Морские пехотинцы буквально вгрызались в каменистую, опалённую огнём, такую родную, такую истерзанную землю. Очень недёшево доставались немцам камни севастопольских гор. Периодически морпехи бросались в атаку на многократно превосходящего в живой силе и технике врага, и тот пятился… Пятился! Пятился, потому что не силах был сдержать рождённую в боях ярость защитников Севастополя…
        Вот и в это раннее январское утро фашисты увидели поднимающуюся в полный рост «чёрную смерть» (так немцы называли морских пехотинцев – черноморцев).
Юрка вместе со всеми однополчанами шёл, нет не шёл, бежал на врага… Всё смешалось… Взрывы снарядов, пулемётные и автоматные очереди, выстрелы винтовок… Огонь, земля, люди… И в этой ожесточённой схватке уже трудно было понять где свои, где чужие… Вдруг в суматохе боя глаз выхватил совсем юного моряка, полулежащего у большого камня. Живот мальчишки был вспорот осколком снаряда… Кишки вылезли наружу… Моряк пытался их удержать, окровавленными руками зажимая живот.
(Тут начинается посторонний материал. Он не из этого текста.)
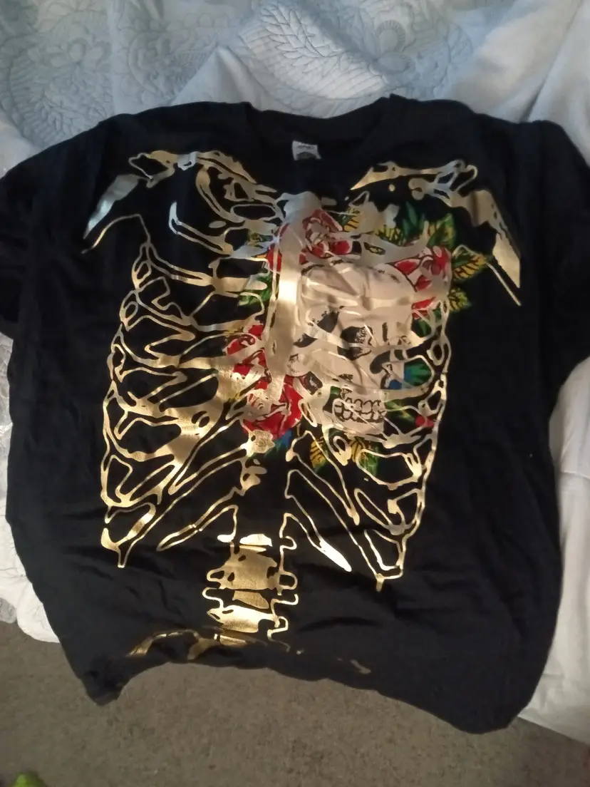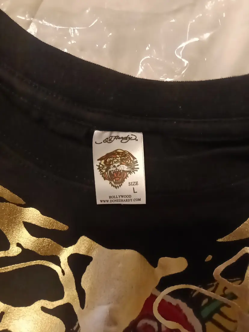 perfect ED HARDY shirt never worn new in package super cool tee with shiny gold skeleton design, perfect for making a statement. great condition, no stains.
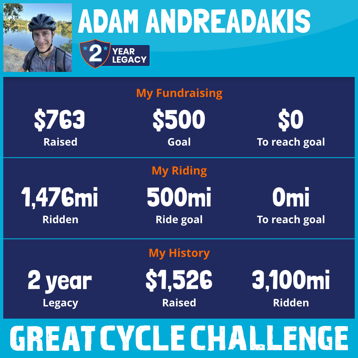 I pledge to ride 500 miles during the month of September, one mile for each dollar I hope to raise. Please support me by making a donation to give these kids the brighter futures they deserve.

–  Помоги… - прошептали побелевшие, обескровленные губы.

Юрка упал рядом с ним на колени. Видно было, что помочь мальчишке уже нельзя, но и пробежать мимо было выше его сил. Сглатывая слёзы, Юрка пытался заправить кишки назад, вовнутрь и затянуть живот бинтом.

–  Потерпи, браток… Потерпи, родной… Ты будешь жить… Потерпи…
Мальчишка слабо улыбнулся.

    Вдруг совсем рядом послышался автоматный треск и прямо над головой, только что наклонившего Юрки,  просвистели пули, в аккурат раскроив на две части его шапку и опалив волосы.
Юрка увидел неподалёку фрица, всё ещё целившегося в его сторону.
Сгоряча он вскочил на ноги. Его красивое лицо, на котором ещё секунду назад лежала печать сострадания,  мгновенно исказилось злобой. Не чувствуя ничего кроме ярости, Юрка бросился в сторону врага. Тот в замешательстве, бросился бежать. В несколько шагов Юрка настиг его и с силой ударил в спину прикладом винтовки.
Немец упал, выронив автомат. С ловкостью, чувствующего опасность животного, он перевернулся на спину.
Юрка изо всей силы прижал немца к земле сапогом.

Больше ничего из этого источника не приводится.